Pictures in the data should be dropped; transcribe exactly the lines from the one that has "Äbtissin Helewise ermittelt" through the one that has "They’re designed with".

** RECORD EXCERPTS **

____

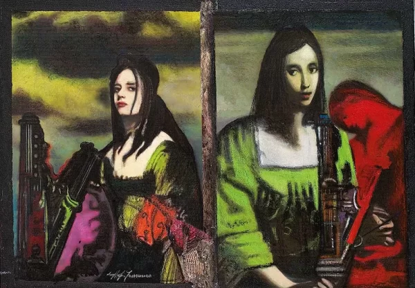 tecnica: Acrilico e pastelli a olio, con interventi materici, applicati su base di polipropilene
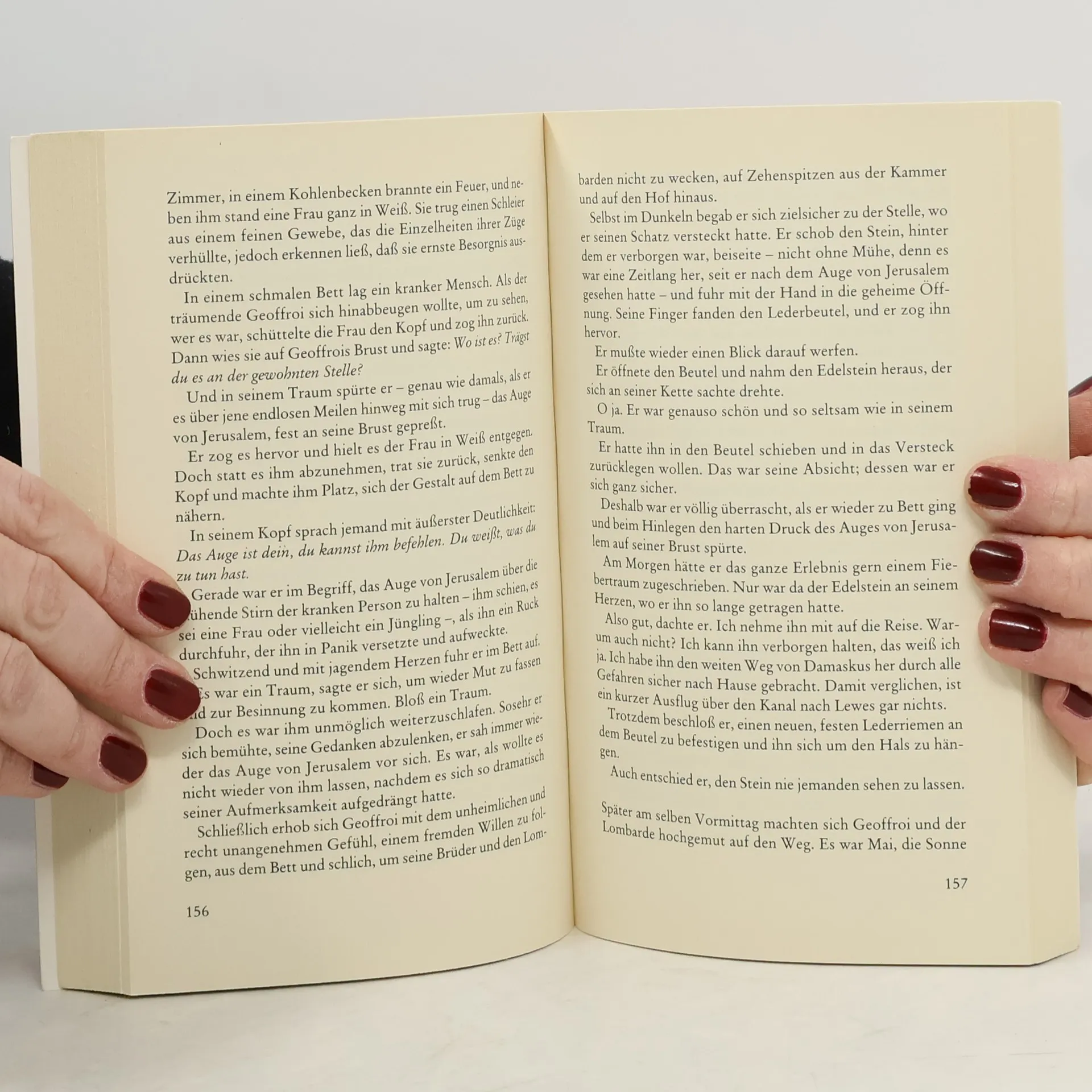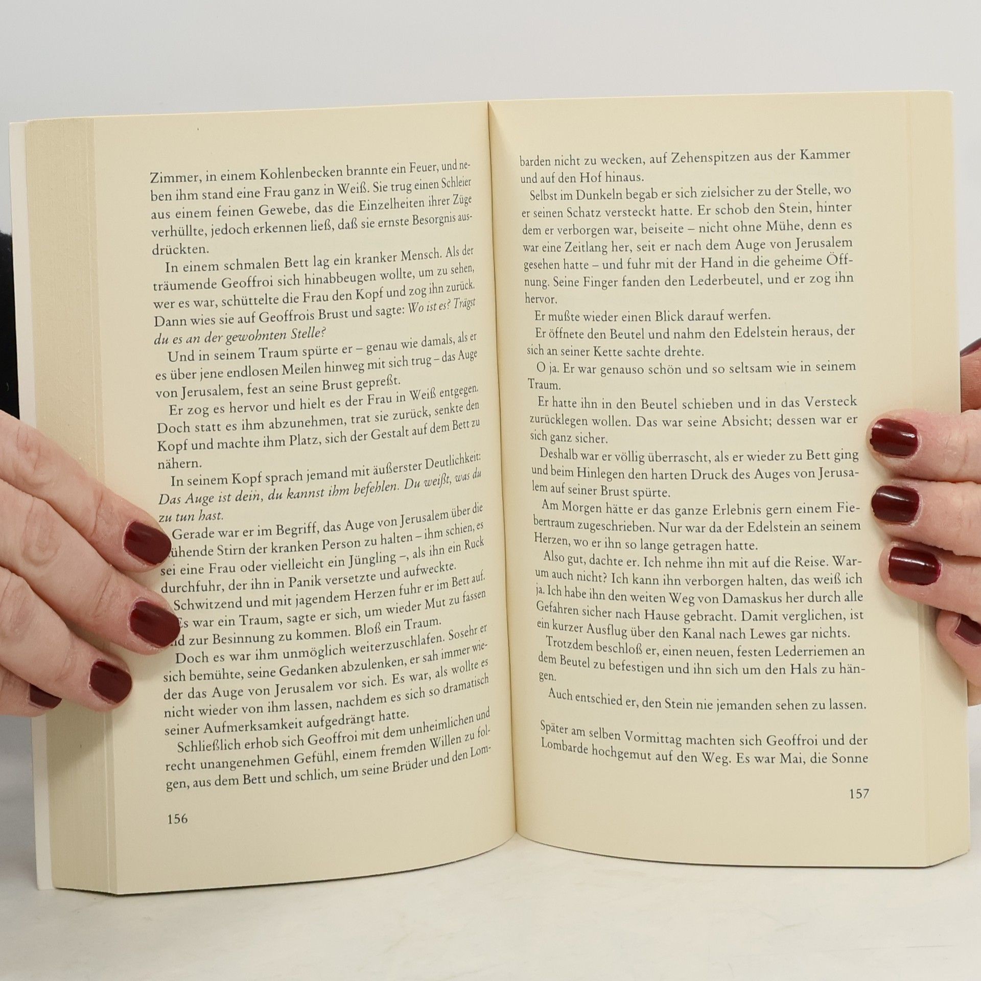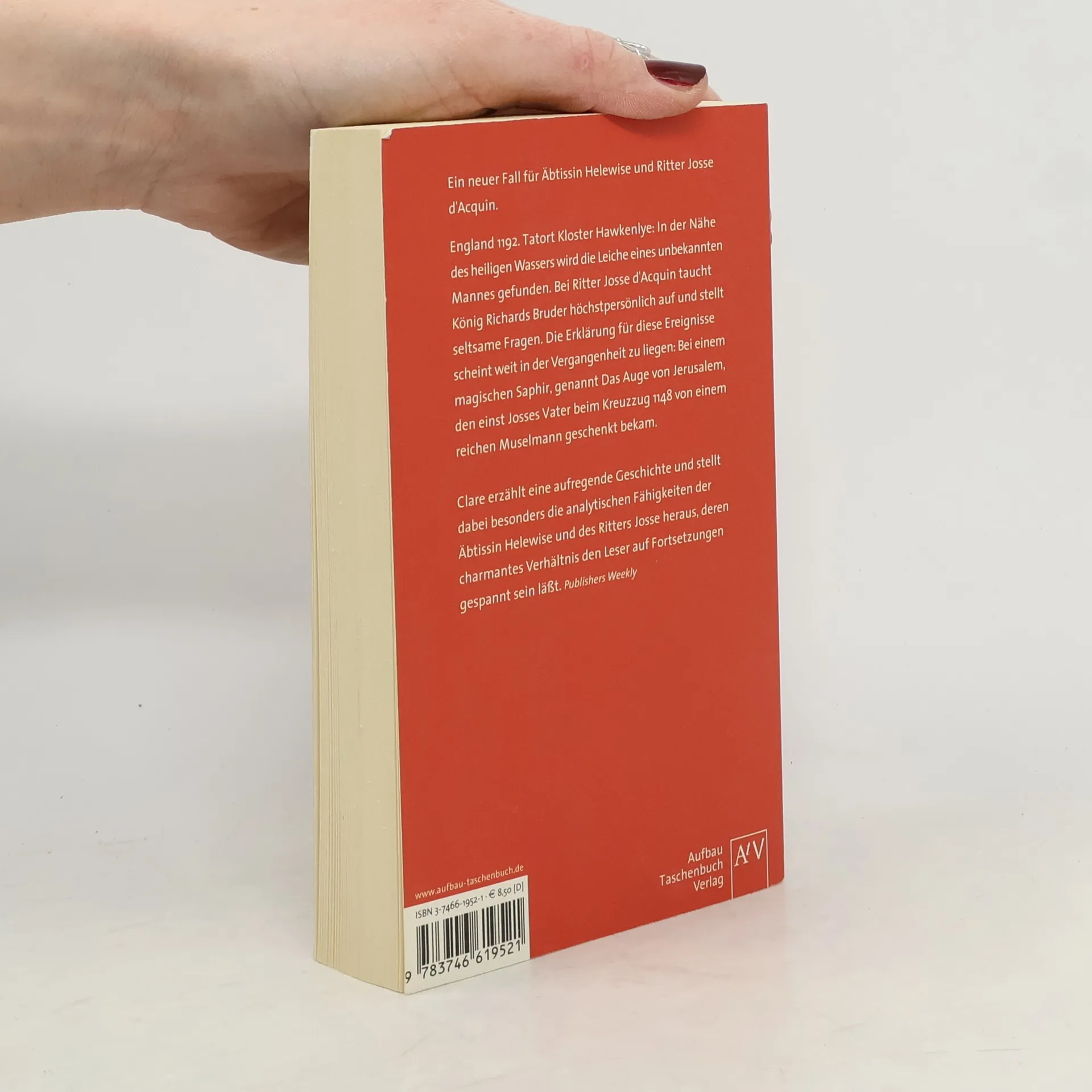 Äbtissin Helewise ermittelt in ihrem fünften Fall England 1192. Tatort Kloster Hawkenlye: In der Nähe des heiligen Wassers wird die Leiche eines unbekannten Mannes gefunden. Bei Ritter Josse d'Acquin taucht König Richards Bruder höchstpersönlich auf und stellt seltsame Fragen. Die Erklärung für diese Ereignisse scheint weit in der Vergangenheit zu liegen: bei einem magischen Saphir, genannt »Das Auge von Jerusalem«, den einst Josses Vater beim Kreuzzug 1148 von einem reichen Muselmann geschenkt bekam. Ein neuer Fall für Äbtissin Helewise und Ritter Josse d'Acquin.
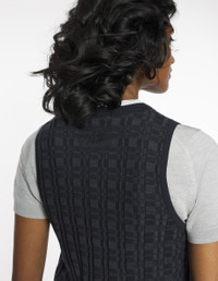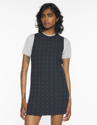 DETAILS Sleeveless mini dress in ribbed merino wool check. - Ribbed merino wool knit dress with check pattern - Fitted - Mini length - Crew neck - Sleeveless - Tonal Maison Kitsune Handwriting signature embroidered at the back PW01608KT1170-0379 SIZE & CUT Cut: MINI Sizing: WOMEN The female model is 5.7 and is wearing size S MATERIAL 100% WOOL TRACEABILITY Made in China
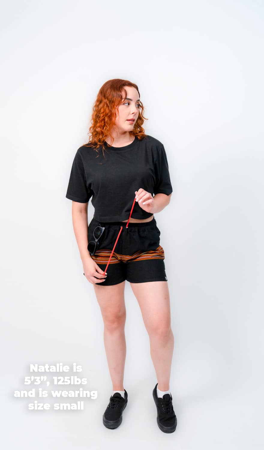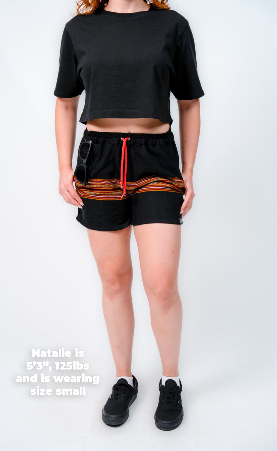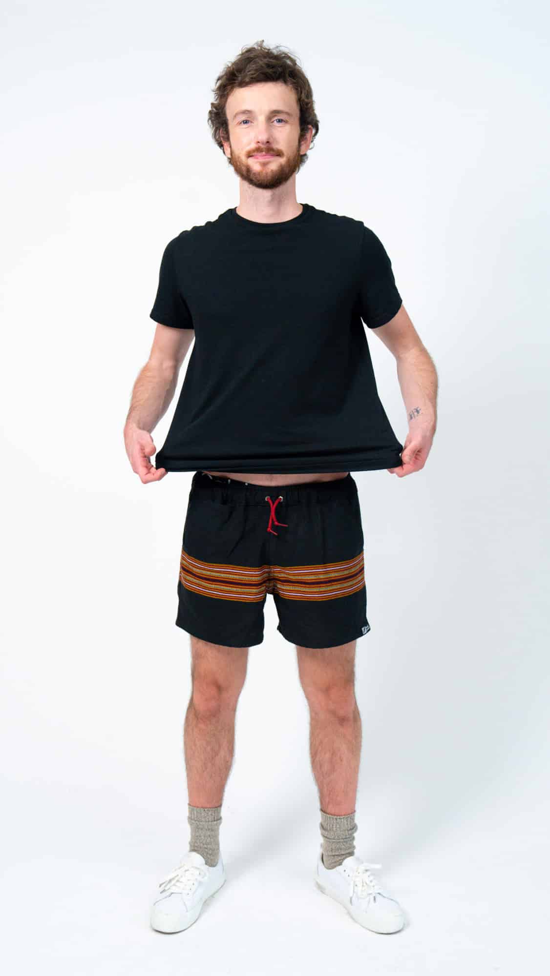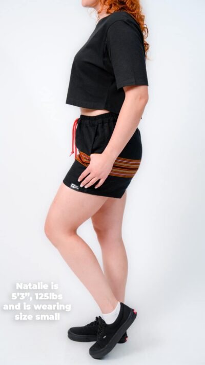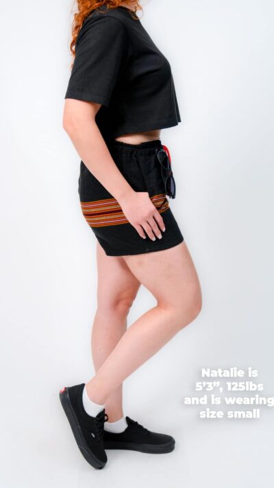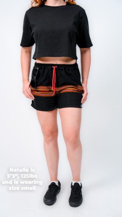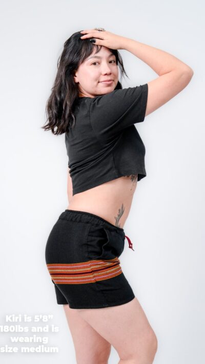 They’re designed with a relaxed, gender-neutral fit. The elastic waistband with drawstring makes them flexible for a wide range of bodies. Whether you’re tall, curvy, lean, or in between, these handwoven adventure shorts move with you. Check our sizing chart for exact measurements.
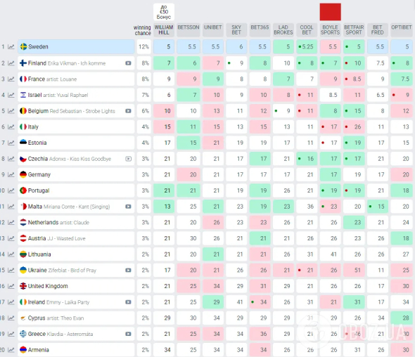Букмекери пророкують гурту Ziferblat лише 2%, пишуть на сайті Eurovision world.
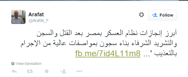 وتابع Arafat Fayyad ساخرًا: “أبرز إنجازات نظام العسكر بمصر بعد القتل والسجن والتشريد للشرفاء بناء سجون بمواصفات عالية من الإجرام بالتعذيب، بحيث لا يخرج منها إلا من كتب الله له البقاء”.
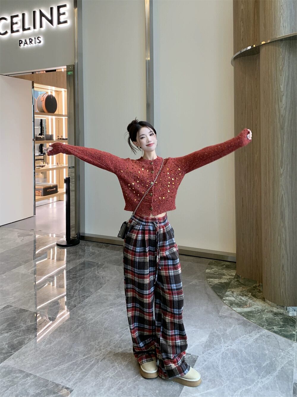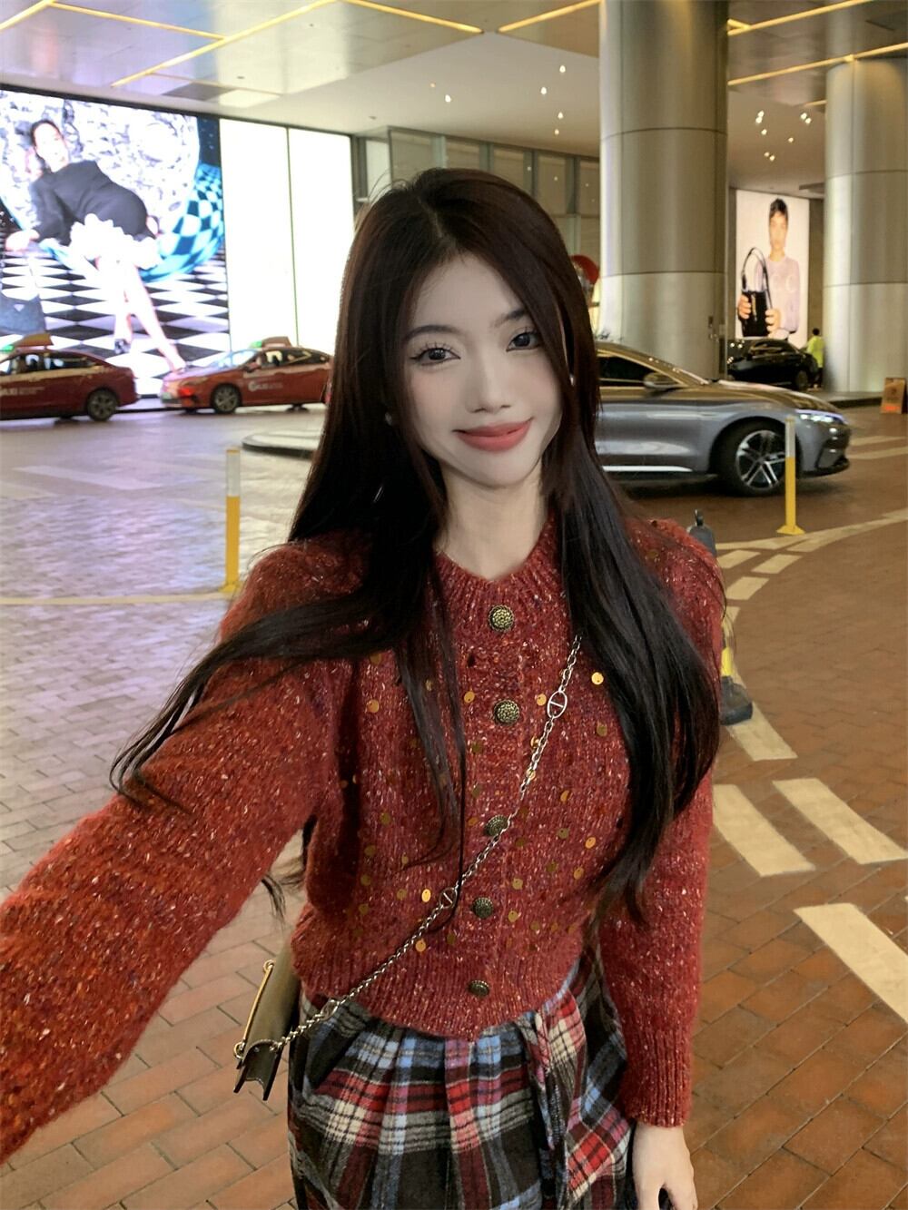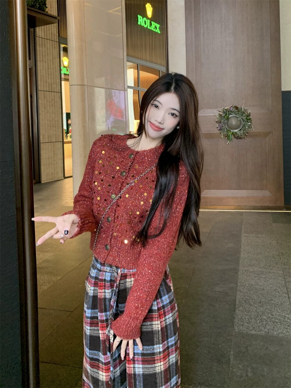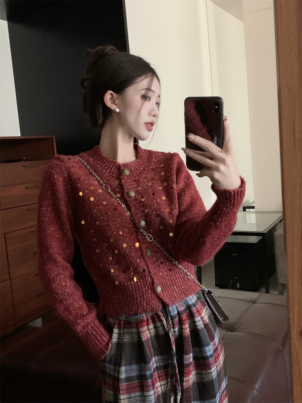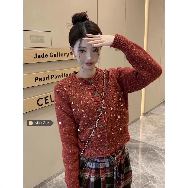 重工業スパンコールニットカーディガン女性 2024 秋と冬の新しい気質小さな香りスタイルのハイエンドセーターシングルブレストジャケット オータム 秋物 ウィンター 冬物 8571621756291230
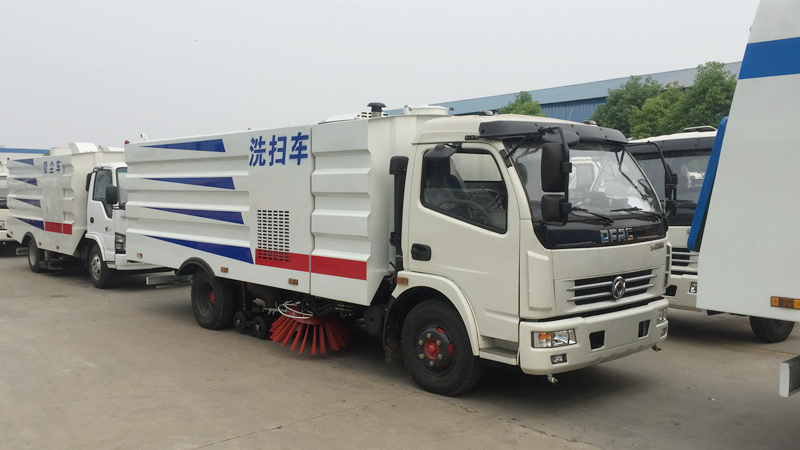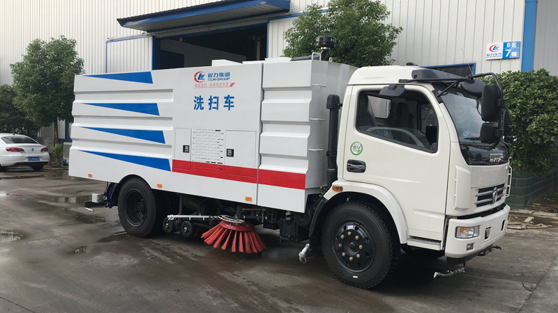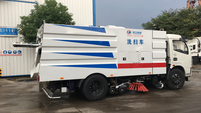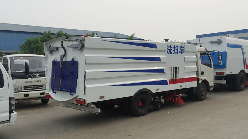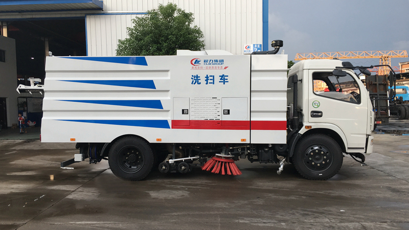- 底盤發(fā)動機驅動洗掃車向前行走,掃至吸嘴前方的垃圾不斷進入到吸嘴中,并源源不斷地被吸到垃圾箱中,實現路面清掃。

____

** COMPLETED EXERCISE **
 Äbtissin Helewise ermittelt in ihrem fünften Fall England 1192. Tatort Kloster Hawkenlye: In der Nähe des heiligen Wassers wird die Leiche eines unbekannten Mannes gefunden. Bei Ritter Josse d'Acquin taucht König Richards Bruder höchstpersönlich auf und stellt seltsame Fragen. Die Erklärung für diese Ereignisse scheint weit in der Vergangenheit zu liegen: bei einem magischen Saphir, genannt »Das Auge von Jerusalem«, den einst Josses Vater beim Kreuzzug 1148 von einem reichen Muselmann geschenkt bekam. Ein neuer Fall für Äbtissin Helewise und Ritter Josse d'Acquin.
 DETAILS Sleeveless mini dress in ribbed merino wool check. - Ribbed merino wool knit dress with check pattern - Fitted - Mini length - Crew neck - Sleeveless - Tonal Maison Kitsune Handwriting signature embroidered at the back PW01608KT1170-0379 SIZE & CUT Cut: MINI Sizing: WOMEN The female model is 5.7 and is wearing size S MATERIAL 100% WOOL TRACEABILITY Made in China
 They’re designed with a relaxed, gender-neutral fit. The elastic waistband with drawstring makes them flexible for a wide range of bodies. Whether you’re tall, curvy, lean, or in between, these handwoven adventure shorts move with you. Check our sizing chart for exact measurements.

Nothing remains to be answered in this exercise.